Srebrenica, le elezioni municipali e lo spettro del passato che non passa
Matteo Tacconi 17 dicembre 2012

Lo spettro del revisionismo

Per ovvi motivi, la prospettiva di un trionfo serbo ha turbato per settimane i musulmani della città bosniaca. Srebrenica è il luogo dell’orrore, il posto dove nel luglio del 1995 i militari serbo-bosniaci, guidati da Ratko Mladic, entrarono in armi e giustiziarono più di 8mila musulmani di sesso maschile. L’ipotesi che i serbi potessero esprimere il primo cittadino è stata vista come un affronto alla memoria.

D’altronde, anche il processo di assunzione di responsabilità da parte serba è stato difficile e tuttora ostacolato da numerosi rifiuti e titubanze. L’ex presidente serbo Boris Tadic è stato il politico che in questo processo più si è spinto in avanti. Nel 2010, quindicesimo anniversario della strage, si è recato a Srebrenica e ha fatto approvare in Parlamento una risoluzione di condanna della carneficina. Ma sia lui che i deputati hanno evitato di parlare di genocidio, usando il termine crimine. Non è la stessa cosa.

Anche il successore, Tomislav Nikolic, ex peso massimo dell’ultranazionalismo di recente convertitosi all’europeismo, parla di crimine, rifiutandosi però di compiere gesti anche vagamente conciliatori. È grosso modo sulla stessa linea Milorad Dodik, presidente della Republika Srpska (l’entità serba della Bosnia). L’eco dell’importante iniziativa del suo predecessore Dragan Cavic, che nel 2004 fece pubblicare un rapporto su Srebrenica e ammise le responsabilità dei connazionali, è ormai flebile.

La visione serba

Il genocidio e il mancato rientro da parte dei superstiti, causa assenza di lavoro e peso insopportabile del passato, hanno capovolto nel dopoguerra la situazione demografica di Srebrenica, dando ai serbi la maggioranza. Prima del conflitto, stando al censimento del 1991, i musulmani rappresentavano l’80% dei 36mila residenti complessivi, oggi ridottisi a 12mila.

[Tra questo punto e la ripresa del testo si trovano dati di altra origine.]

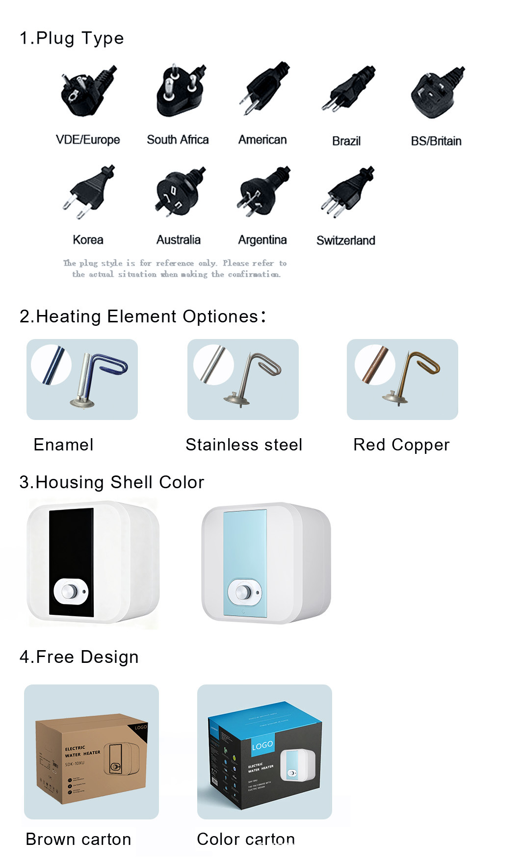 Note: All products in the store are export-customized electric water heaters. The price is calculated based on the custom requirements, not a fixed price. Sample production time and large-scale production cycle details, please contact the customer service. Quantity discounts are available!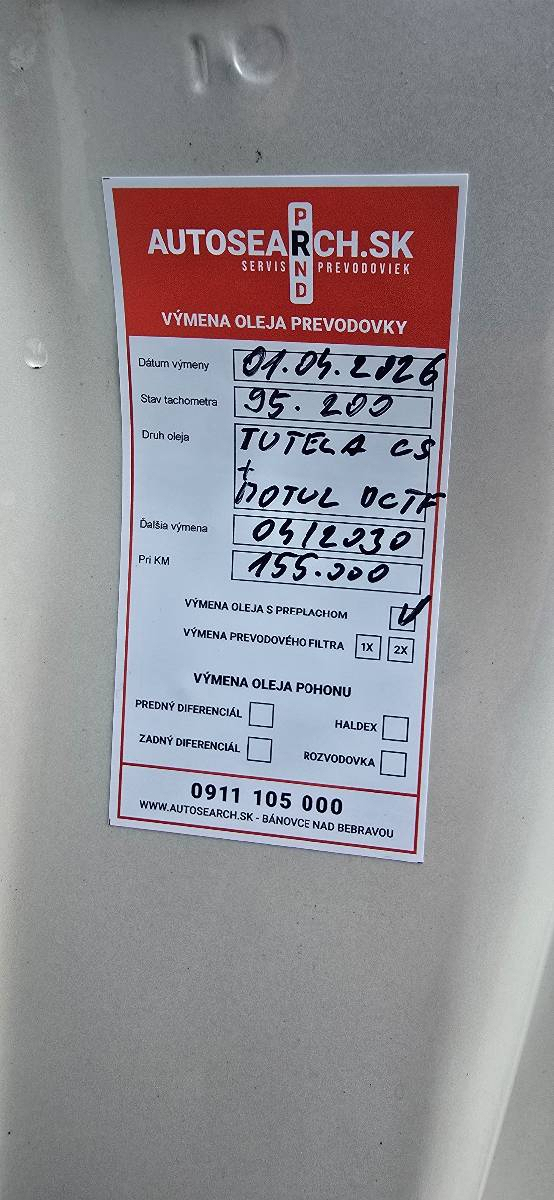 - Servis automatickej prevodovky: 2x olejová náplň, kalibrácia spojky, čistenie systému robota

Seppure minoritari, i musulmani hanno però sempre vinto le elezioni. Grazie anche al peso della diaspora nelle elezioni. Al voto del 2008, quando iniziò a maturare l’ipotesi che i voti dall’estero potessero fisiologicamente diminuire (causa decessi, disaffezione o distacco da parte dei giovani) e condurre alla sconfitta, venne approvata dal Parlamento una speciale deroga, votata anche dai partiti serbi, forse in cambio di qualche vantaggio politico, che concedeva il diritto di voto sulla base del censimento del 1991.

L’eccezione era una tantum e non è stata applicata a questa tornata. Sono dunque aumentate le chance di vittoria dei serbi, messi nelle condizioni di assaporare, il 7 ottobre, una particolare rivincita. Da parte serba, infatti, si ritiene  per lo più che la presa di Srebrenica da parte degli uomini di Mladic, in questo agevolati dall’ignominiosa fuga dei caschi blu olandesi dell’Onu, che non rispettarono la consegna di difendere il villaggio, fosse un’offensiva legittima. D’altronde proprio da Srebrenica le truppe musulmane del generale Naser Oric sferrarono violentissimi attacchi ai villaggi serbi limitrofi tra il 1992 e il 1993, ma anche – ritiene qualcuno – dopo che Srebrenica divenne una safe area Onu.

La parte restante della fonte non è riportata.